Hereinafter, an example of the operation outside the measurement in the automatic analyzer 100 will be described with reference to FIGS. 1 to 8.
FIG. 8 is a flowchart showing the operation of cleaning outside measurement in the automatic analyzer 100. In the storage circuit 91 of the system control unit 90, the first search information set on the first search information setting screen 73 in FIG. 4 and the second search information set on the second search information setting screen 74 in FIG. The search information, the third search information set on the third search information setting screen 75 in FIG. 6, and the information on the cleaning conditions for cleaning using the cleaning liquid set on the cleaning condition setting screen 76 in FIG. ing. The analysis information storage unit 32 of the data processing unit 30 stores a large number of analysis data and inspection information.

  After the measurement of each sample is completed, the sample container 17 containing the cleaning liquid is stored in the disk sampler 5, and the reagent containers 6 and 7 containing the cleaning liquid are stored in the reagent containers 1 and 2, and then measured from the operation unit 80. When the external cleaning operation is performed, the automatic analyzer 100 starts an operation other than measurement cleaning (step S1).

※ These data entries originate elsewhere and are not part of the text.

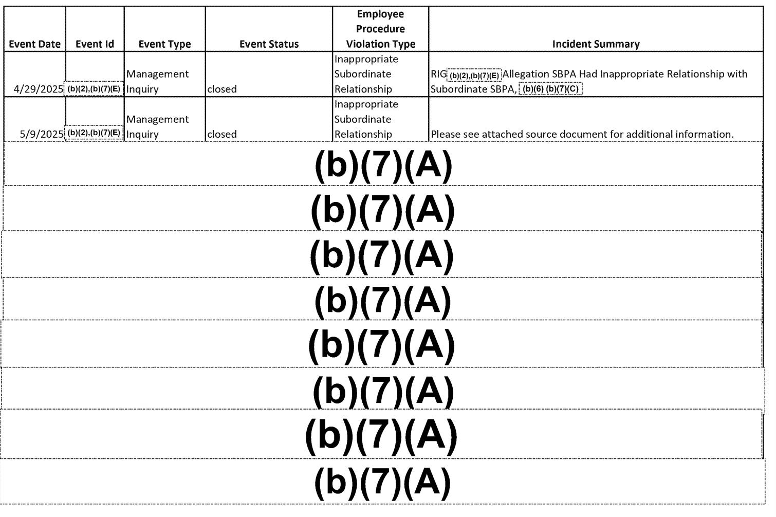 April 29, 2025: A management inquiry investigated an allegation that a Supervisory Border Patrol Agent (SBPA) had an inappropriate relationship with a subordinate Supervisory Border Patrol Agent (SBPA).
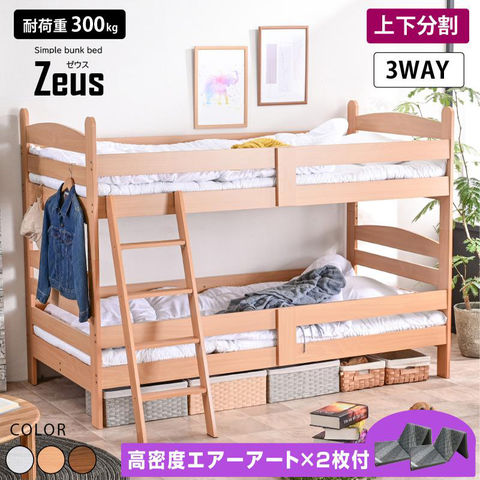 二段ベッド 2段ベッド 大人用 子供 分離 分割 シングル ロータイプ キングサイズ 耐震式 高さ145 ベッド ゼウス / ナチュラル / (エアーアート マットレス付き) ーART
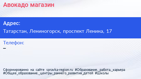 Авокадо, магазин по адресу Татарстан, Лениногорск, проспект Ленина, 17 в дальнейшем Организация, размещена в следующих категориях:
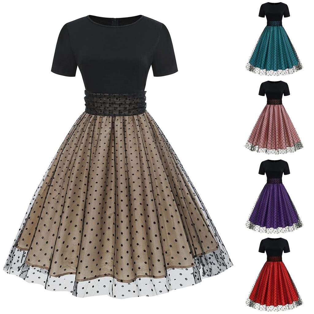 Платья в стиле рокабилли, женское сетчатое платье из тюля в горошек в стиле 50-х годов, летнее коктейльное платье в стиле свинг — купить товар онлайн с бесплатной доставкой по всему миру!
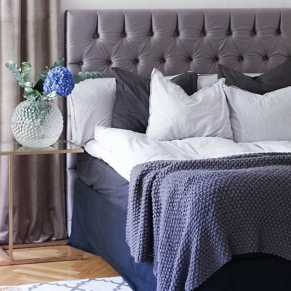 Knappene har samme stoff/skinn som sengegavlen.

  The system control unit 90 instructs the analysis control unit 25, the data processing unit 30, and the search unit 40 to perform non-measurement cleaning using a cleaning liquid. The control unit 27 of the analysis control unit 25 controls the mechanism unit 26 to operate each analysis unit of the analysis unit 24.

  The sample dispensing pump 16b sucks the cleaning liquid in the sample container 17 accommodated in the disk sampler 5 into the sample dispensing probe 16, and then discharges the sucked cleaning liquid into the cleaning tank 16a. Is cleaned (step S2).

  After the first and second reagent dispensing pumps 14b and 15b suck the cleaning liquid in the reagent containers 6 and 7 stored in the reagent containers 1 and 2 into the first and second reagent dispensing probes 14 and 15, The aspirated cleaning liquid is discharged into the cleaning tanks 14a and 15a, and the first and second reagent dispensing probes 14 and 15 are cleaned (step S3).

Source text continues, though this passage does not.